His yesterdays come flooding back, a tide of memory—
Ma’s gentle wave of laughter from a time when he was three,
And here she is, shouting goodbye, when he worked out in the
shed,
And her cheerful, ‘Hello, Clancy,’ when he first rolled out of
bed.
Her warm-hug words when he broke his arm that time when he was
eight,
And scolding him and Pa at dinnertime, whenever they were late.
Clancy holds the boab nut even closer to his ear,
He hears the words, ‘I love you, son. You’ll always have me
near.’
When finally, his heart a-swell, face tracked with tears anew
Clancy turns back to the genie, and says, ‘However do
I tell you what this means to me? Will it always be like this?
The nut will hold Ma’s words of gold, so I may reminisce?
‘Yes,’ the genie answers. ‘The magic’s powerfully responded—
The boab tree carries the key, with you it’s closely bonded.
Every time you’ve wept here, in your secret grief-filled ruts,
The boab tree’s absorbed your tears, and they’ve travelled to the
nuts.
Only love as strong as yours can perform such potent magic,
And now perhaps, your mother’s loss will one day seem less
tragic.
You will always love her, of that there is no doubt,
But now she’s of the land, and in the land—you’ll never be
without.
And now if you’ll excuse me, I have a Dust Devil to find,
He went that way; I’ll make him pay for keeping me confined!’
And before Clancy can say thank you, or any other warm exchange,
The genie’s racing off toward the distant blue-tinged range.
So Clancy takes his boab nut, and heads back to the station,
And he listens to his mother’s voice—a one-sided conversation
That flows from deep inside the nut…although he can’t quite
recollect,
Or take a guess how he came to possess this wonderous object.
And late at night when he hears his Pa cry softly in his bed,
Clancy waits until his weeping stops and snoring starts instead,
And then he takes the boab nut, and tiptoes down the hall,
And gently lays it by Pa’s head, where his pillow meets the wall.

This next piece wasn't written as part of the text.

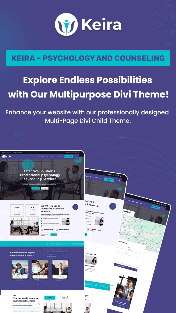 Keira is a serene and modern Divi Child Theme thoughtfully designed for psychologists, therapists, and counseling professionals. Its clean, multi-page layout is built entirely with Divi modules, allowing for effortless customization without coding. A predesigned global header and footer provide a cohesive and professional look across your site. With dedicated sections for services, therapist profiles, testimonials, blog posts, and contact information, Keira helps you connect with clients and build credibility. Perfect for mental health practitioners, this theme creates a warm, welcoming online presence that inspires trust and encourages engagement.

And in the grey-wash light of morning, as they start their daily
chores.
Clancy’s father seems much happier than he did the night before.
And the boab tree still stands there, through seasons wet and
dry,
Absorbing all the feelings held in tears that people cry.
The happy tears, the sad ones, the jealous, and the hurt,
Have filtered down into its roots amid the rust-red dirt.
So if you ever see a boab tree, sit down and share your load,
For just like Clancy, you might find, a boab nut bestowed.